Двойра, вздохнув, снова подвесила люльку к потолку. Наигравшись, со двора пришли трое старших детей. Они бросились к люльке, от которой за несколько дней уже отвыкли, и стали яростно раскачивать ее. Мендл Зингер обеими руками схватил за шиворот своих сыновей, Иону и Шемарью. А девочка, Мирьям, успела ускользнуть к матери. Мендл отодрал сыновей за уши. Они заревели. Он снял еще ремень со штанов и потряс им в воздухе. Кожаный ремень со свистом опустился на спины мальчиков — Мендл Зингер управлял им как частью тела, продолжением руки. Словно смерч какой-нибудь вдруг поднялся в его голове. Крики всполошившейся жены смешивались с тем шумом, что он производил, но и растворялись в нем. Стакан воды, вылитый в море.

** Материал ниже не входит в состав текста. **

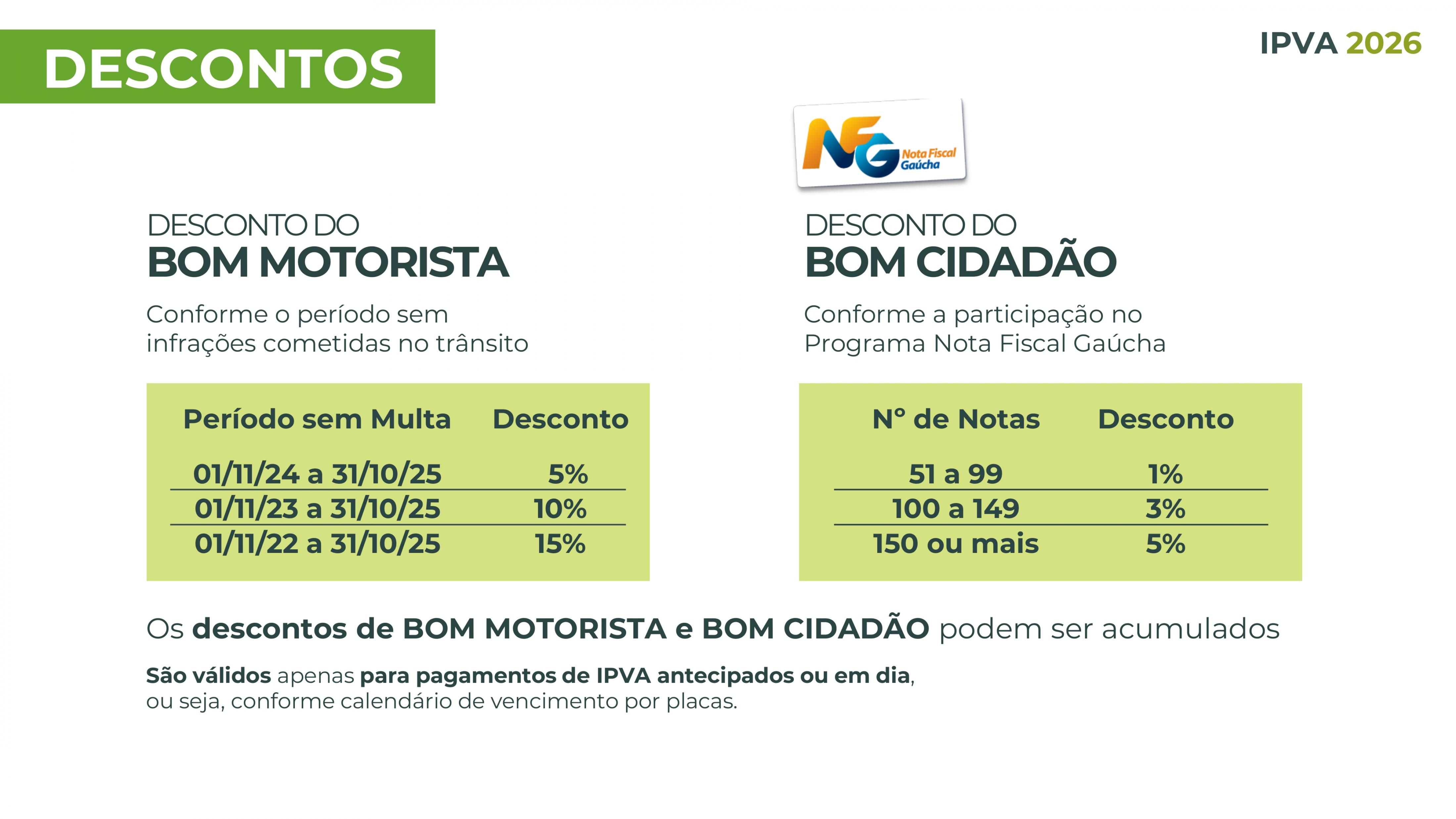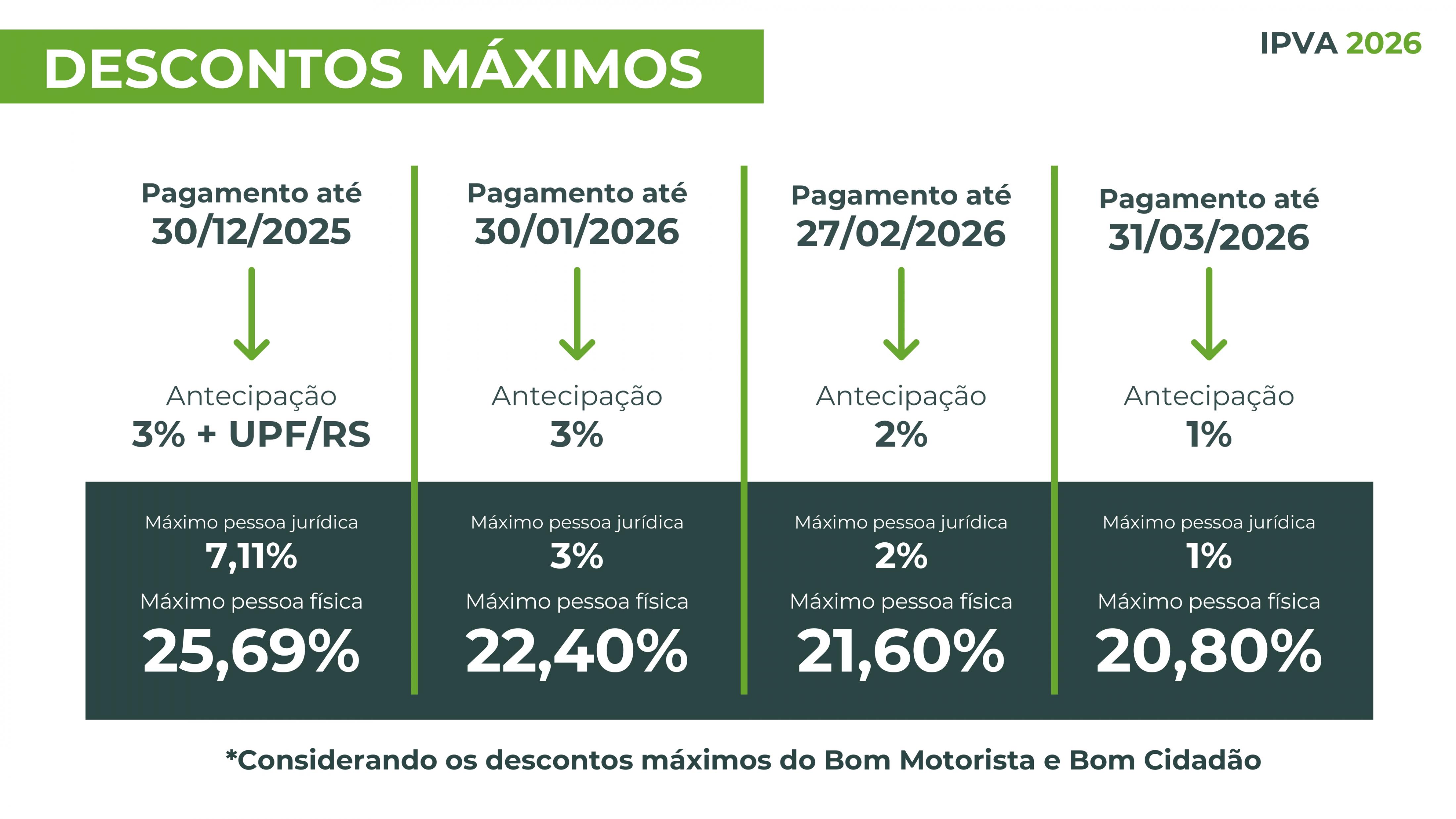 Quem quitar o imposto até 30 de dezembro terá desconto de 3% pela antecipação, além de evitar a atualização pela variação da UPF/RS (estimada em 4,43%), o que representa uma redução potencial de 7,11%. Mas as vantagens não param por aí: somando os benefícios do Bom Motorista e do Bom Cidadão, o abatimento pode chegar a 25,69% sobre o valor total do tributo.
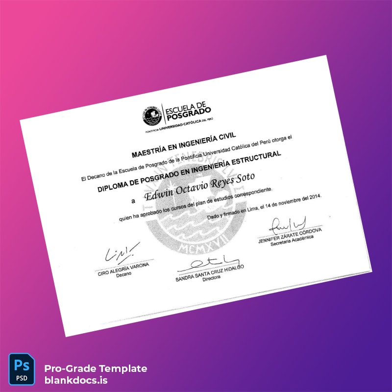 Custom Peru Pontifical Catholic University Master of Science in Civil Engineering Diploma Template (Word & PDF) – Fully Customizable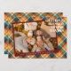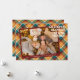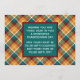 Unique, classy, trendy, pretty and decorative Thanksgiving holiday card. Unique, classy, trendy, pretty and decorative Thanksgiving holiday card. Cute GRATEFUL BLESSED GIVING THANKS text and room to customise or personalise with a photo and names (or family name) of your choice. With cute classic warm yellow fall Mums flowers on a teal blue green, pumpkin orange and dark burgundy wine red coloured rustic farmhouse inspired plaid tartan pattern background design. And a customisable season greeting poem on the backside of the card.
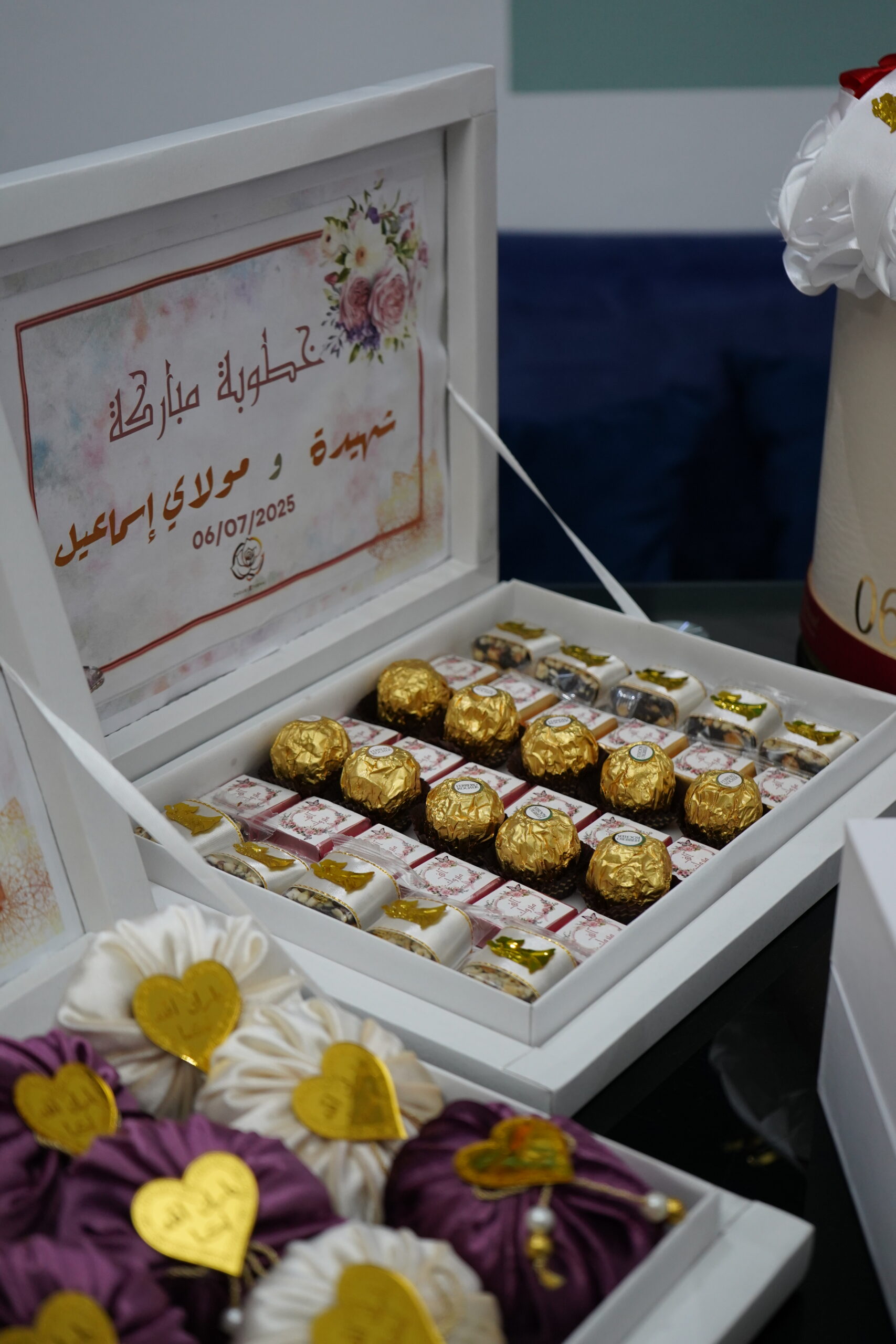 Un coffret pensé pour la douceur et l’élégance. Le Pack Medium combine fleurs éternelles, douceurs gourmandes et accessoires traditionnels pour un cadeau complet qui marquera vos fiançailles ou votre taarouf d’une touche raffinée et personnalisée.

Он уже не помнил себя. Хлестал и хлестал свищущим, крутящимся ремнем — по стенам, скамьям, столу, не зная, чему радоваться: что попал или что промахнулся. Тут наконец часы на стене пробили три раза — в это время собирались ученики. С пустым желудком — ибо он ничего не ел, — все еще с удушьем от гнева Мендл слово за словом, фразу за фразой стал читать Библию. Детский хор светлыми голосами повторял слово за словом, фразу за фразой, впечатление было такое, будто Библию возвещают многие колокольца. Подобно колокольцам, раскачивались и тела учащихся — то вперед, то назад. А в это время над их головами почти в том же ритме раскачивалась люлька Менухима. На сей раз и сыновья Мендла присутствовали на уроке. Гнев отца рассеялся, затих, погас — поскольку они распевали псалом бойчее других. Чтобы испытать их, он вышел из комнаты. Детский хор продолжал звучать, ведомый голосами его сыновей. Он мог на них положиться.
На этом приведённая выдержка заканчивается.